US Regulators Are Trying To Kill Crypto | Will We Survive?
Tether Absolutely Crushing Haters
While the cryptocurrency community has been engrossed in bank failures, trending meme tokens, and Layer 1 network congestion, an ongoing battle has been simmering in the background. Among the plethora of stablecoins available, Tether and USDC are the undisputed frontrunners, each quietly competing for supremacy in the crypto marketplace.
We've previously delved into both of these organizations and their associated coins, but today, our spotlight falls on Tether, particularly its Q1 2023 assurance report. Tether, much like other veteran crypto firms, has weathered a fair share of scrutiny and controversy. Now, it appears to be charting a fresh course.

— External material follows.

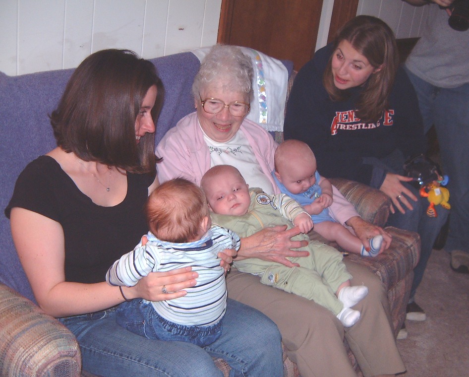 Mana with great-grandsons Caleb, Caleb and Ethan

Tether's report declares an "excess of reserves reaching an all-time high of $2.44B, an increase of $1.48B for the first quarter of 2023." This news underscores Tether's commitment to exceeding a 1:1 reserve ratio.

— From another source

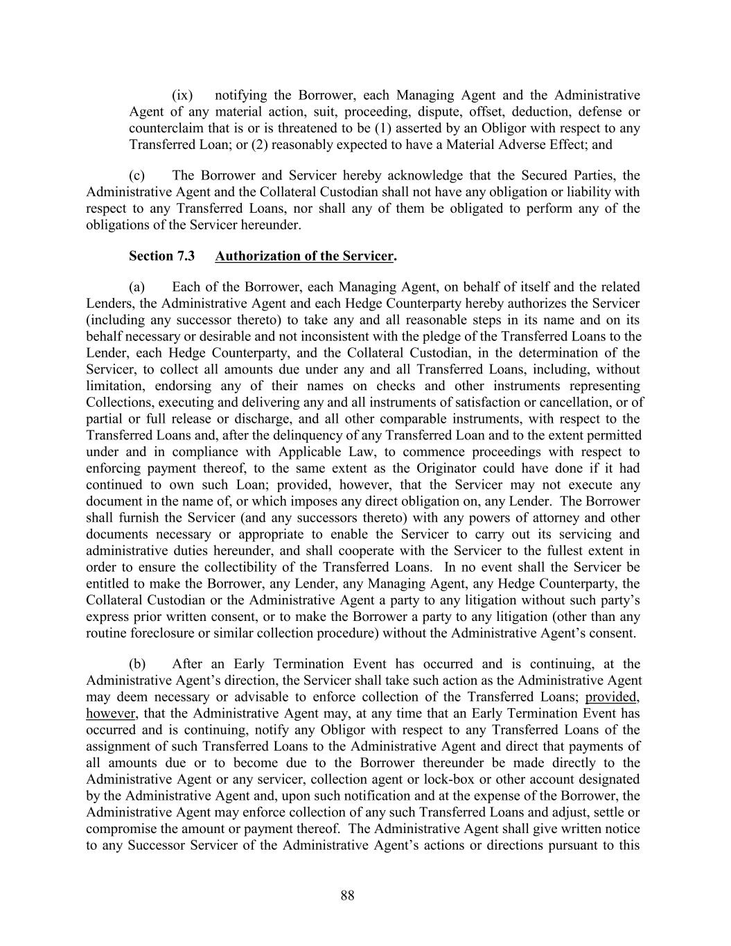 (ix) notifying the Borrower, each Managing Agent and the Administrative Agent of any material action, suit, proceeding, dispute, offset, deduction, defense or counterclaim that is or is threatened to be (1) asserted by an Obligor with respect to any Transferred Loan; or (2) reasonably expected to have a Material Adverse Effect; and (c) The Borrower and Servicer hereby acknowledge that the Secured Parties, the Administrative Agent and the Collateral Custodian shall not have any obligation or liability with respect to any Transferred Loans, nor shall any of them be obligated to perform any of the obligations of the Servicer hereunder. Section 7.3 Authorization of the Servicer. (a) Each of the Borrower, each Managing Agent, on behalf of itself and the related Lenders, the Administrative Agent and each Hedge Counterparty hereby authorizes the Servicer (including any successor thereto) to take any and all reasonable steps in its name and on its behalf necessary or desirable and not inconsistent with the pledge of the Transferred Loans to the Lender, each Hedge Counterparty, and the Collateral Custodian, in the determination of the Servicer, to collect all amounts due under any and all Transferred Loans, including, without limitation, endorsing any of their names on checks and other instruments representing Collections, executing and delivering any and all instruments of satisfaction or cancellation, or of partial or full release or discharge, and all other comparable instruments, with respect to the Transferred Loans and, after the delinquency of any Transferred Loan and to the extent permitted under and in compliance with Applicable Law, to commence proceedings with respect to enforcing payment thereof, to the same extent as the Originator could have done if it had continued to own such Loan; provided, however, that the Servicer may not execute any document in the name of, or which imposes any direct obligation on, any Lender. The Borrower shall furnish the Servicer (and any successors thereto) with any powers of attorney and other documents necessary or appropriate to enable the Servicer to carry out its servicing and administrative duties hereunder, and shall cooperate with the Servicer to the fullest extent in order to ensure the collectibility of the Transferred Loans. In no event shall the Servicer be entitled to make the Borrower, any Lender, any Managing Agent, any Hedge Counterparty, the Collateral Custodian or the Administrative Agent a party to any litigation without such party’s express prior written consent, or to make the Borrower a party to any litigation (other than any routine foreclosure or similar collection procedure) without the Administrative Agent’s consent. (b) After an Early Termination Event has occurred and is continuing, at the Administrative Agent’s direction, the Servicer shall take such action as the Administrative Agent may deem necessary or advisable to enforce collection of the Transferred Loans; provided, however, that the Administrative Agent may, at any time that an Early Termination Event has occurred and is continuing, notify any Obligor with respect to any Transferred Loans of the assignment of such Transferred Loans to the Administrative Agent and direct that payments of all amounts due or to become due to the Borrower thereunder be made directly to the Administrative Agent or any servicer, collection agent or lock-box or other account designated by the Administrative Agent and, upon such notification and at the expense of the Borrower, the Administrative Agent may enforce collection of any such Transferred Loans and adjust, settle or compromise the amount or payment thereof. The Administrative Agent shall give written notice to any Successor Servicer of the Administrative Agent’s actions or directions pursuant to this 88

They absolutely slayed, girl.
However, for most crypto enthusiasts, the excitement lies elsewhere – Tether is buying Bitcoin.
As of the March 31ˢᵗ report, Tether holds $1,500,064,140 worth of Bitcoin, accounting for 2% of its total reserves. From my perspective, this is a symbolic milestone, indicative of not just Tether's shift away from riskier reserves such as commercial paper, but also a testament to crypto's maturing role in the financial arena. Tether seems to be successfully carving a path that others have faltered on.
Tether has also decided to de-risk by investing in the repo market, precious metals, and corporate bonds. The image below offers a glimpse into Tether's current asset composition.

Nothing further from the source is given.